### Assigned task
Carry none of the pictures over; write out the complete data exactly.

### Data block
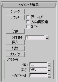 このロールアウトは壁オブジェクトを選択し、[セグメント](Segment)サブオブジェクト レベルを呼び出したときに表示されます。
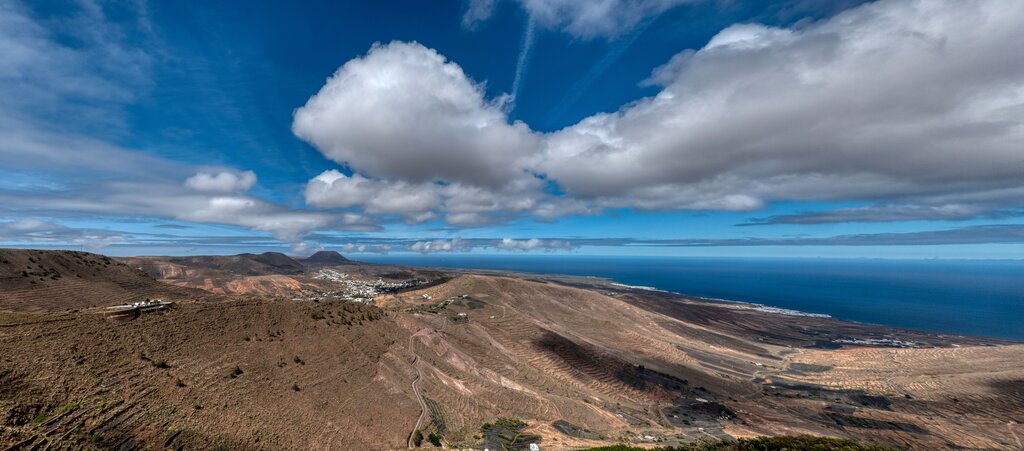 <Yé ist einer der schönsten Orte auf Lanzarote und liegt im Tal der 1.000 Palmen. Hier starten wir unsere Wanderung, die uns vom Dorf aus auf den Monte Corona und weiter nach Guanate führt. Beeindruckend wogt der Atlantik unter uns und speit die gewaltigen Wellen ans Land. Wir genießen diesen Ausblick nun über eine längere Wegstrecke, bis wir schließlich die Abbruchkante verlassen und über den Vulkan Los Helechos nach Maguez absteigen.
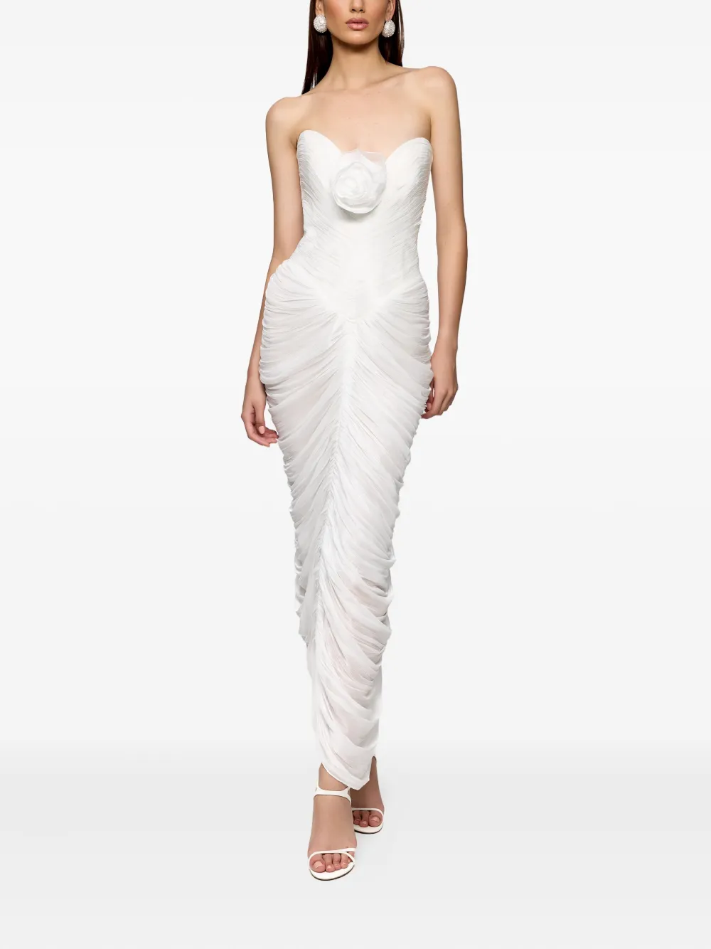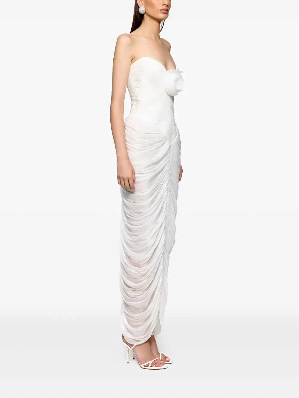 Длинное платье с драпировкой, украшенное розами Ana Radu, белый
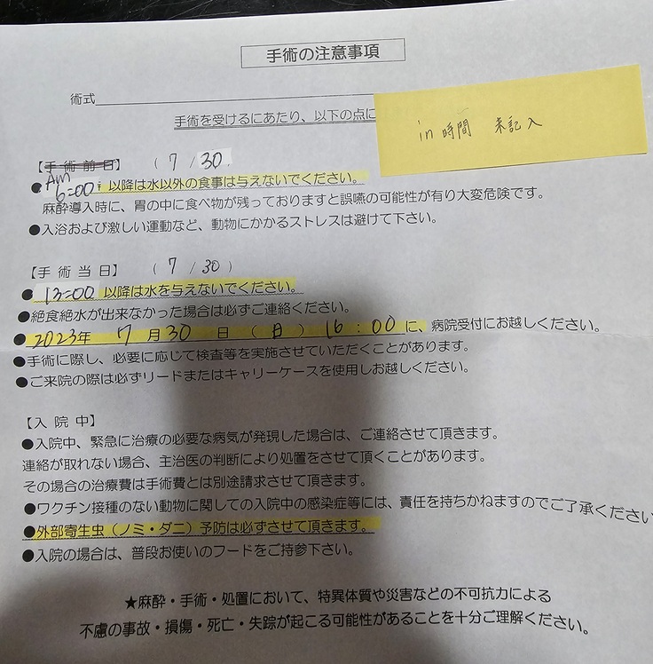 手術当日は朝の6時までにお薬とご飯をあげておくこと。

### Answer for this exercise
 このロールアウトは壁オブジェクトを選択し、[セグメント](Segment)サブオブジェクト レベルを呼び出したときに表示されます。
 <Yé ist einer der schönsten Orte auf Lanzarote und liegt im Tal der 1.000 Palmen. Hier starten wir unsere Wanderung, die uns vom Dorf aus auf den Monte Corona und weiter nach Guanate führt. Beeindruckend wogt der Atlantik unter uns und speit die gewaltigen Wellen ans Land. Wir genießen diesen Ausblick nun über eine längere Wegstrecke, bis wir schließlich die Abbruchkante verlassen und über den Vulkan Los Helechos nach Maguez absteigen.
 Длинное платье с драпировкой, украшенное розами Ana Radu, белый
 手術当日は朝の6時までにお薬とご飯をあげておくこと。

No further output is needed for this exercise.